Strona: first, sprÓbujmy. Nie na odwrót. Po drugie, 7 linia (u mnie) zdanie od dużej litery. I jeszcze kilka dużych liter. Po trzecie, nie wstawiaj lini z minusów, trzy gwiazdki (***) starczą. A po czwarte, nie rozumiem jak to opowiadanie mogło uzyskac aż 12 minusów, a troche niżej opowiadanie Dideya999 dwa plusy. To jakas straszna hipokryzja.
Pomijając motyw gry ktora morduje i
No i Six, Six, Six, the numba of the Beast D;
Skupienie było. A otwór drzwiowy mnie przeraza
Ciekawość... Dobre W końcu wszyscy wiemy (a w szczególności twórcy stron internetowych ) że IE to samo zło. A ostatni akapit doprowadził mnie do spazmatycznego śmiechu.
Pasta Didey999: ja bym bardziej obstawiała na pamiętnik siostry niż krwawe sweet foty, ale okay. A tak na serio, nie lubich takich poast, które sa aż tak abstrakcyjne. Z tego możnaby napisac całkiem fajną, dłuższą historię, która być może kogośby przestraszyła, a Ty to streściłes do 9 linijek tekstu. Mnie to nie rusza.
Łazienka: łazienki to chyba najstraszniejsze miejsca według past. Jak nie lustro cie zabije, to dziewczynka z nikąd (albo z kanalizacji). Strach pójśc zęby umyć...
Argon: krótkie. I nie podoba mi się styl pisania, jest strasznie chaotyczny i w pewnych momentach nie mam pojęcia, czy są to mysli narratora czy głównej postaci. Ponadto, czy kiedykolwiek w książce, w której jest narracja trzecioosobowa spotkałeś się z wyrażeniem "Ktoś już zgadł?". To wygląda okropnie. Nie czuje tej opowieści, nie boję się, żadnych odczuć, a dla mnie to źle. I to by bło na tyle...

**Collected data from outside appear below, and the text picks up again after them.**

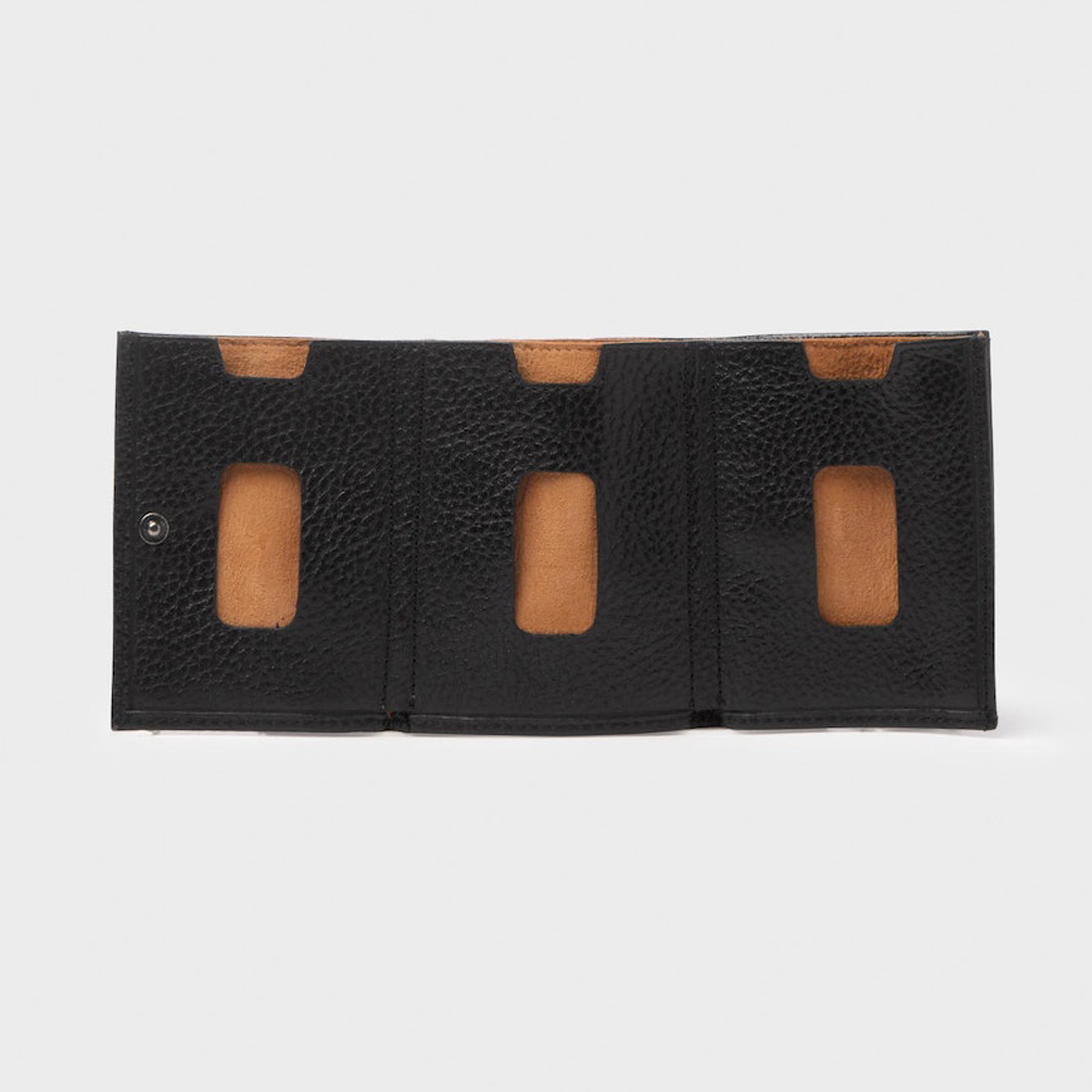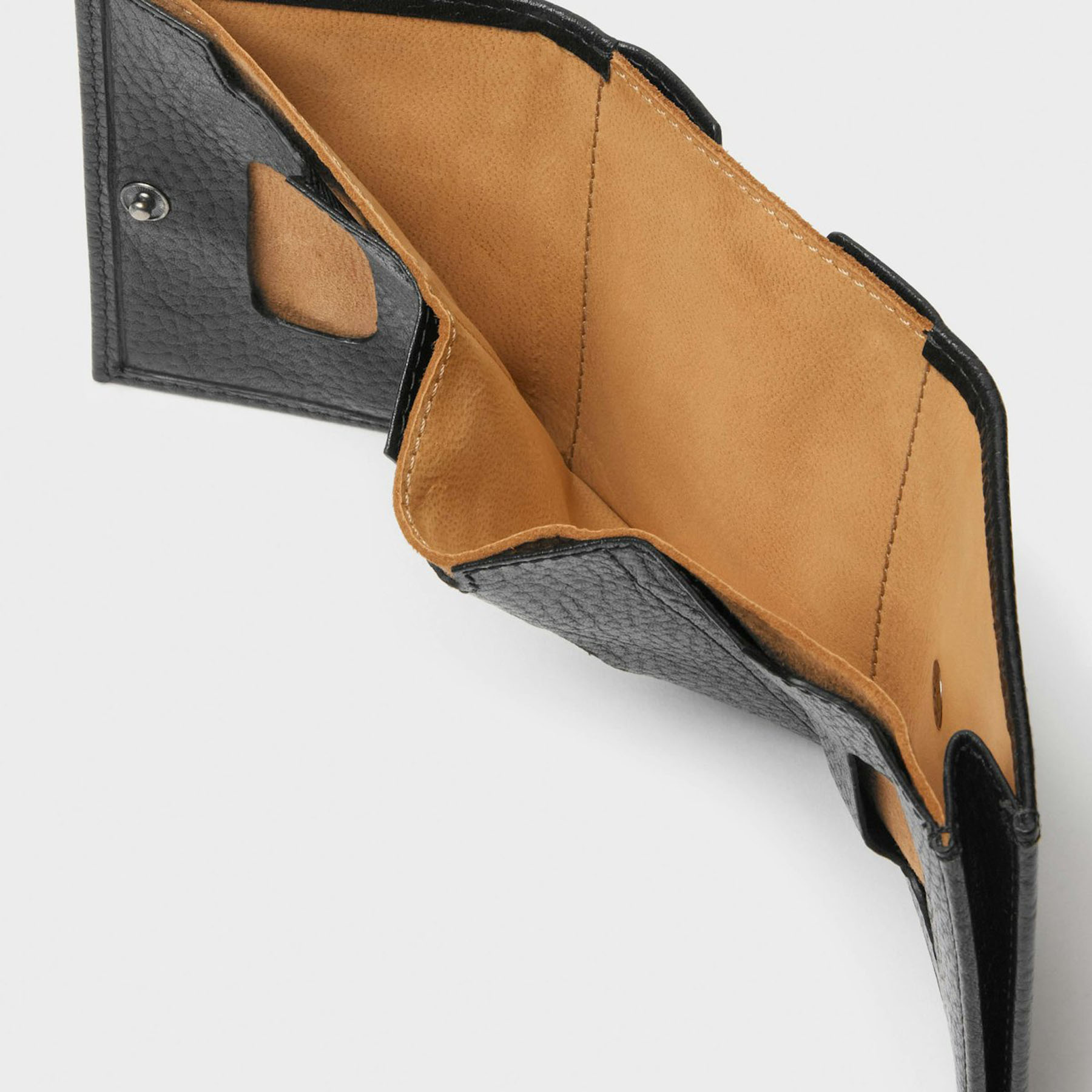 Pung Warga fra Saddler. Tidløs pung i fuldnarvet læder, eksklusivt foret med et blødt gedeskind. Warga er en fleksibel pung med en rummelig opbevaring, udstyret med et seddelrum og tre lommer til kort på indersiden og et på ydersiden. Pungen er udstyret med en beskyttende RFID-membran og lukkes med en trykknap, der kan varieres mellem to trin. Pungen fungerer godt som et supplement til en kortholder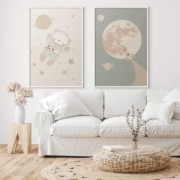 Poster Kosmonauta Niedźwiedź i Księżyc Nr d01138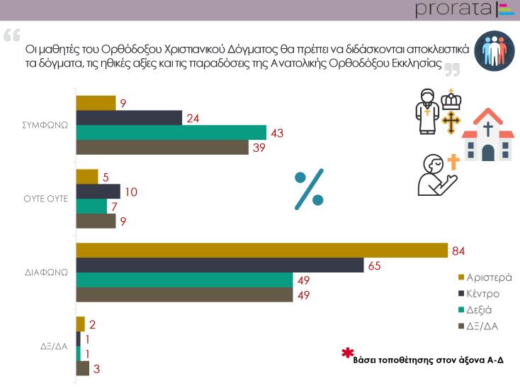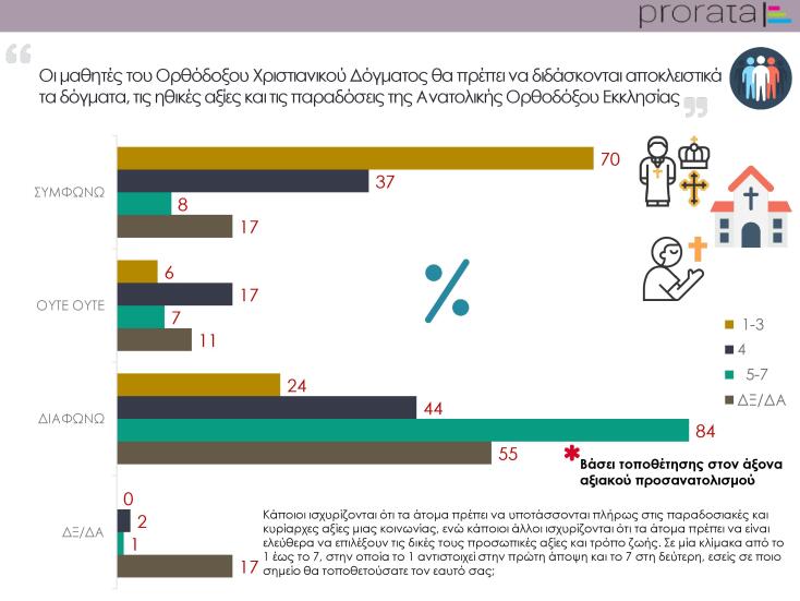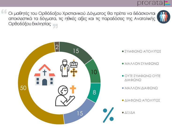 Με αφορμή την απόρριψη, την περασμένη εβδομάδα, από το Συμβούλιο της Επικρατείας της απόφασης του πρώην Υπουργού Παιδείας Νίκου Φίλη για τον τρόπο διδασκαλίας του μαθήματος των Θρησκευτικών στο Δημοτικό και στο Γυμνάσιο, η Prorata επιχείρησε να ανιχνεύσει τις τοποθετήσεις της κοινής γνώμης στο ερώτημα αν οι μαθητές του Ορθόδοξου Χριστιανικού Δόγματος θα πρέπει να διδάσκονται αποκλειστικά τα δόγματα, τις ηθικές αξίες και τις παραδόσεις της Ανατολικής Ορθόδοξης Εκκλησίας, χρησιμοποιώντας αυτολεξεί τη σχετική διατύπωση της Ολομέλειας του Συμβουλίου της Επικρατείας.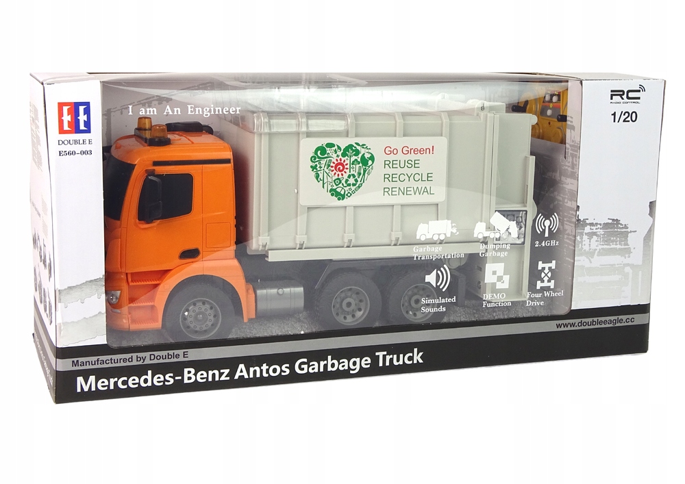 - Конструктор на дистанційному керуванні для дітей встановлено на колеса з протекторами. Ця іграшка являє собою реалістичну модель сміттєвоза. Дитяча сміттєвозка з дистанційним керуванням управляється за допомогою пульта дистанційного керування 2.4G, що входить у комплект. Пульт дистанційного керування можна використовувати для руху вперед, назад і вбік. На сміттєвозі є кнопка, яка керує підйомом і опусканням кошика. Друга кнопка активує гвинтові преси, які затягують сміття всередину. Вантажний відсік, що відкривається та нахиляється, допоможе вам випорожнити вміст.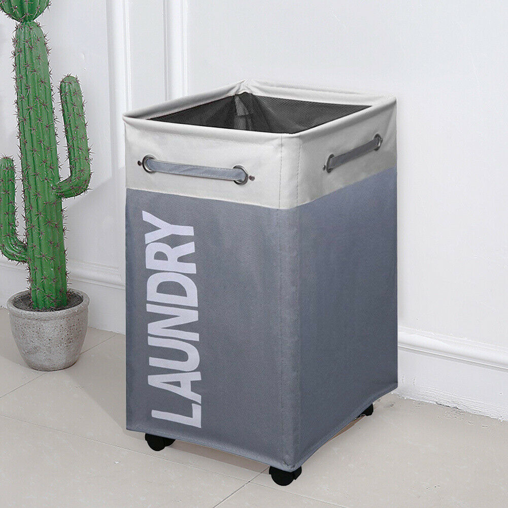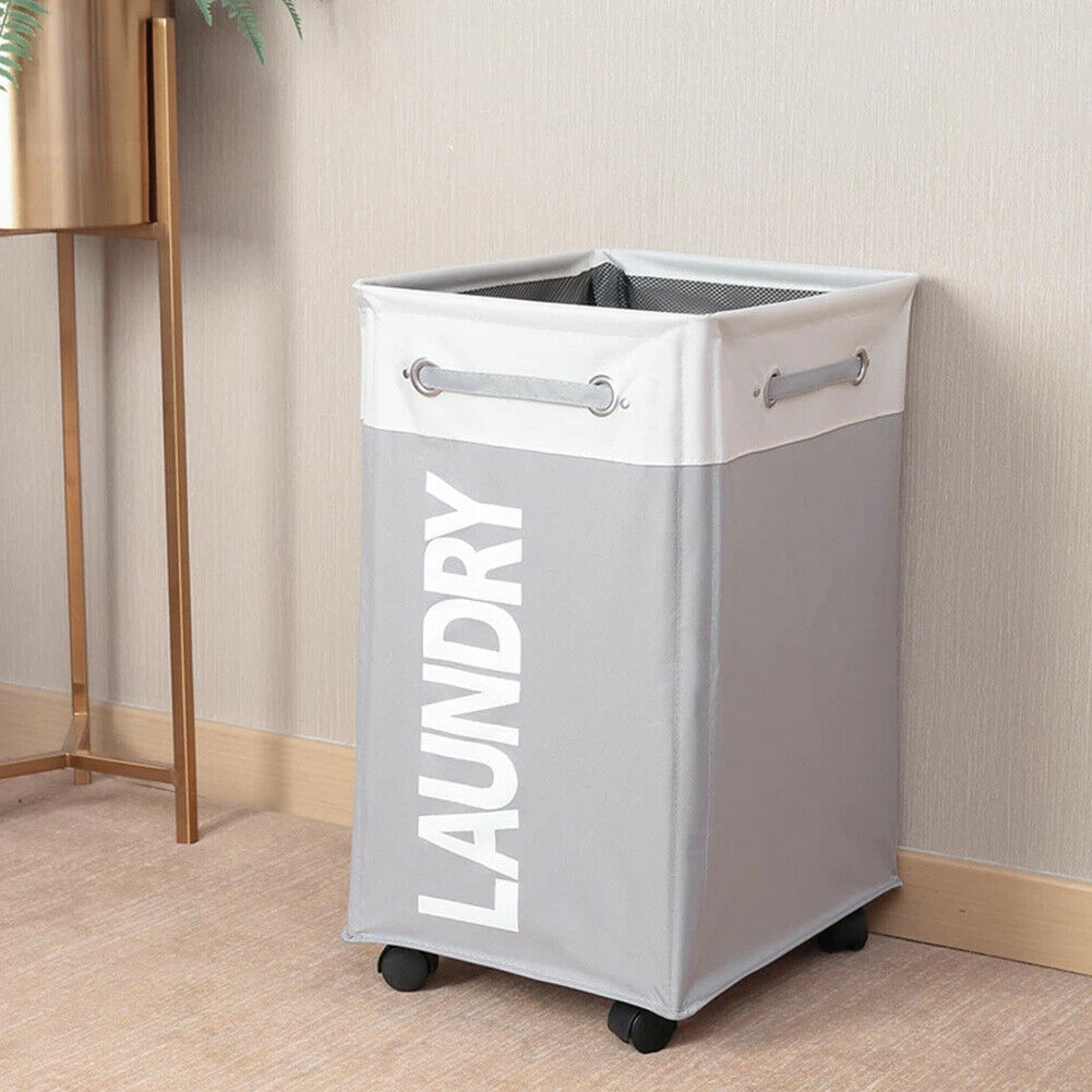 Folding Large Rolling Laundry Basket with Wheel Dirty Clothes Hamper Storage Bin

Ponadto czy na prawde Charlie az tak ciemny? TO BYŁO LUSTRO >.<'
GTA: fakt styl pisania jak w wypracowaniu albo opowiadaniu na blog.onet.pl dwunastolatki. Ale nie poddawaj się i pisz więcej
Sen: nie lubię psów...
Szczerze mówiąc ni mnie jakoś nie zachwyciła, tylko pasta o morderczym Microsofcie wywołała usmiech... Dla mnie one sa po prostu za krótkie. Uważam ze sztuka powinna wywoływać uczucia, przerażenie, wzruszenie, smiech cokolwiek. W tak krotkim tekście to trudne. I tyle. Polecam czytać więcej horrorów...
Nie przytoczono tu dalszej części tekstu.